Customers at Mirvac’s Kawana Shoppingworld, on Queensland’s Sunshine Coast, can now enjoy the fruits of the centre’s award-winning closed loop recycling initiative.
On offer in the centre’s kitchen are tasting plates of strawberries, the first crop to benefit from Kawana Shoppingworld’s sustainability project. This tangible and tasty outcome brings full circle the team’s scheme to align with Mirvac’s sustainability strategy: This Changes Everything.
The project kicked off in December 2016 when the centre installed an on-site processing system called PulpMaster, to manage the significant volumes of food/organics waste being disposed of in landfill. PulpMaster processes this waste onsite to create a liquid waste and clean source for organic compost.

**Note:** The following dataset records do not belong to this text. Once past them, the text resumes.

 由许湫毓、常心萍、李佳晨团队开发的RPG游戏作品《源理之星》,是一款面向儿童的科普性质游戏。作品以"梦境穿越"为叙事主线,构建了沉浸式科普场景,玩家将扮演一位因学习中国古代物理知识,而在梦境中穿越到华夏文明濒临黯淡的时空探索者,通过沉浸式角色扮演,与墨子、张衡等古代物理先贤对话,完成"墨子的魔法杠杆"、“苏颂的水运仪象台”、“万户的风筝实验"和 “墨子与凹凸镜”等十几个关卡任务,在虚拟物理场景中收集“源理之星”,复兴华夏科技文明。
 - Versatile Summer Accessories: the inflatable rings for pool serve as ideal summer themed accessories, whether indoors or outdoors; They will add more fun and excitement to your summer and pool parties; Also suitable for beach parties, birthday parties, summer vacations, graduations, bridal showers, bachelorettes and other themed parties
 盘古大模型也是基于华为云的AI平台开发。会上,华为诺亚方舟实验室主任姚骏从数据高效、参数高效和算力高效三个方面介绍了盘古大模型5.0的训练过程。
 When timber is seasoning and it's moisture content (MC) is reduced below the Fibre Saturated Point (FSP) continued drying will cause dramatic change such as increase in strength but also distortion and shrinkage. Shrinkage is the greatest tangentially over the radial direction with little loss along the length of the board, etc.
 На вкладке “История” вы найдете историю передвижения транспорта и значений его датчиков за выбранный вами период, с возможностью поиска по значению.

With the support of 32 food retailers in the centre, Kawana now collects food and organics waste daily. Waste management company, JJ Richards & Sons, collects and transports the liquid waste to landscape supplier, Phoenix, who in turn processes it into a high grade organic compost.
The collaborative effort by Kawana Shoppingworld, Healthy Land and Water, Phoenix, and JJ Richards & Sons enabled the project to go to the next step in mid-2017 and in doing so, close the loop.

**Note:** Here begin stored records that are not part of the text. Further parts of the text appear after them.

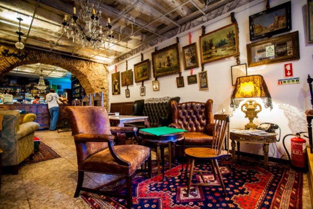 De um lado, uma parede coberta com vitrinas cheias de velharias, do outro, quadros antigos com molduras douradas. Bibelôs, porcelanas, malas e bijuterias enchem as prateleiras. Os candelabros, com vários braços, chamam a atenção para o tecto. Os barrotes antigos foram preservados mas tapados com acrílico para não largar caliça nem poeira. O Arco da Velha abriu em Maio, depois das obras de requalificação do Cais do Sodré, e quer fazer uma ponte entre o vintage e a modernidade.
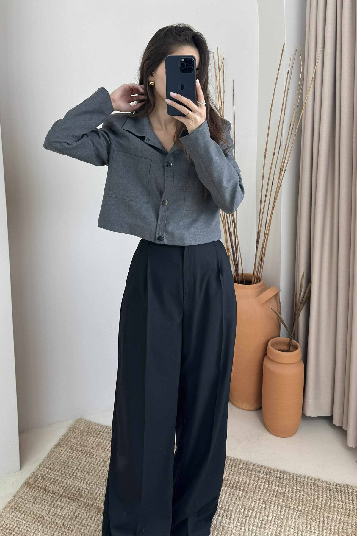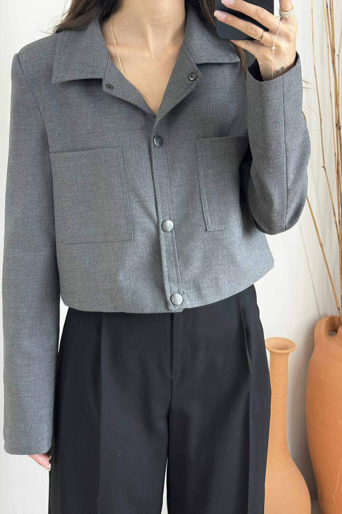 ONE COLOR BUTTONS WOMEN JACKET DARK GREY/GEE
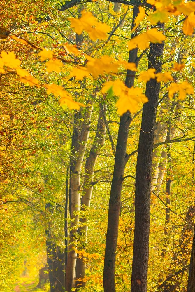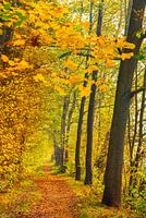 Pad langs bosbomenlaan met gele herfstbladeren
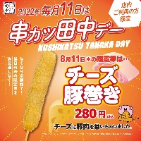 毎月11日は「串カツ田中デー」8月はチーズを豚肉で巻いた「チーズ豚巻き」!! ~大好評豚巻きシリーズ第4段~
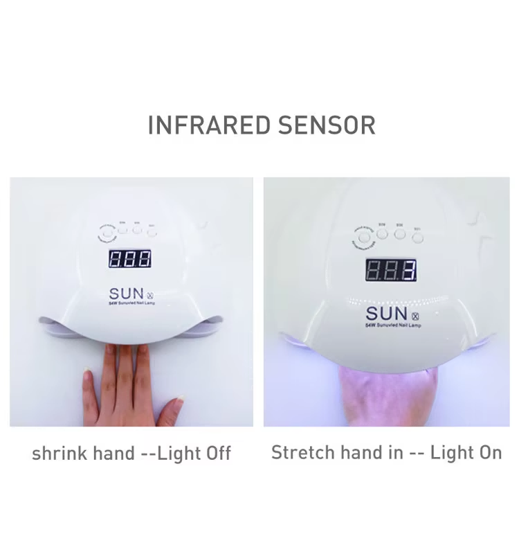 A lâmpada para unhas de gel de secagem rápida possui tecnologia de detecção inteligente infravermelha que acende automaticamente quando as mãos se aproximam e desliga quando as mãos se afastam - eliminando o incômodo de pressionar botões repetidamente e economizando tempo e esforço. A cola para cozimento de alta potência não requer muita espera, economizando tempo e esforço.
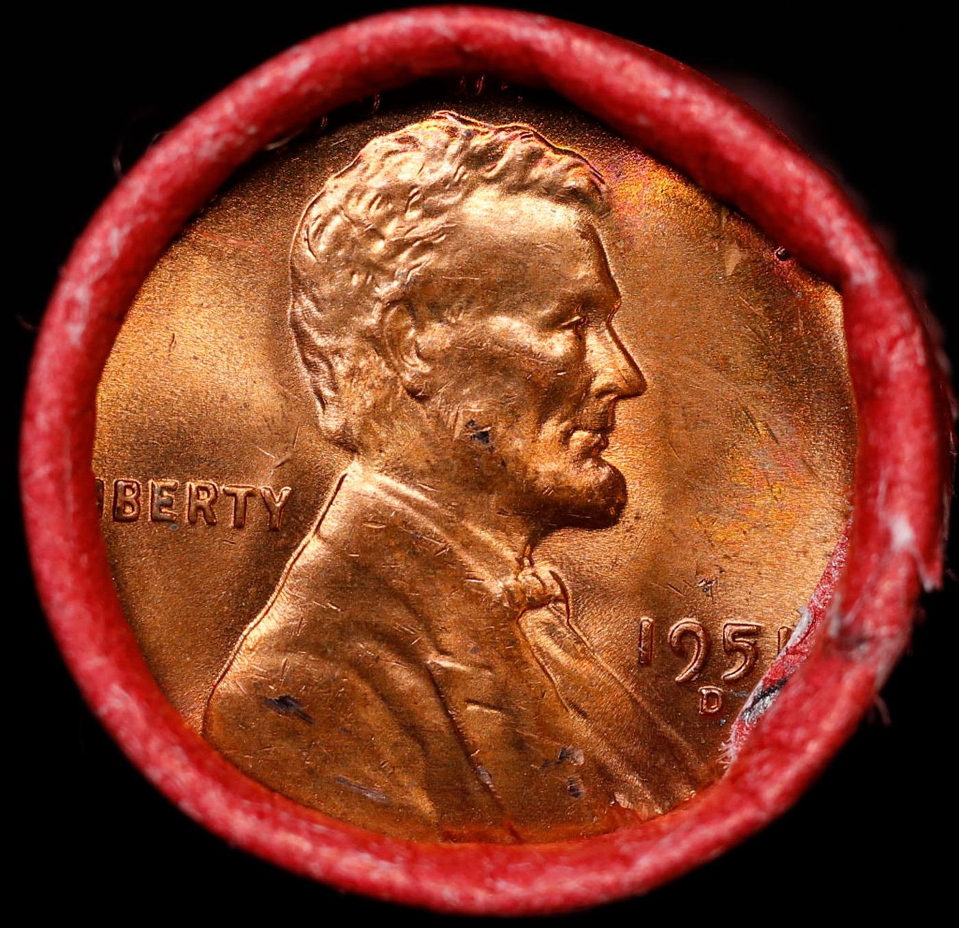 BU Shotgun Lincoln 1c roll, 1951-d 50 pcs Steel-Strong Wrapper Lots Of Possible Varities. A terrific Shotgun roll of Lincoln cents in a steel strong wrapper. Most if not all coins should be cherry red.
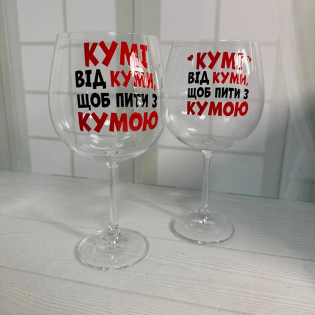 Келих винний 2шт 640мл з надписом "Кумі від куми"

Strawberry grower, Suncoast Harvest, was one of the recipients to receive compost and realise its maximum benefits for a healthy harvest: reducing the use of fertilisers, holding moisture and nutrients in the soil, and preventing leaching.
“It’s incredibly rewarding to see the first harvest of strawberries and be able to share the outcome with our customers, of what is essentially a circular economy for our food retailers,” said Brett Barrett, Senior Facility Manager, Kawana Shoppingworld.
Compost is now also being provided to Buddina Community Garden, a local shared gardening project and The Eastbank Edible Garden, which teaches gardening skills and shares food with disadvantaged adults.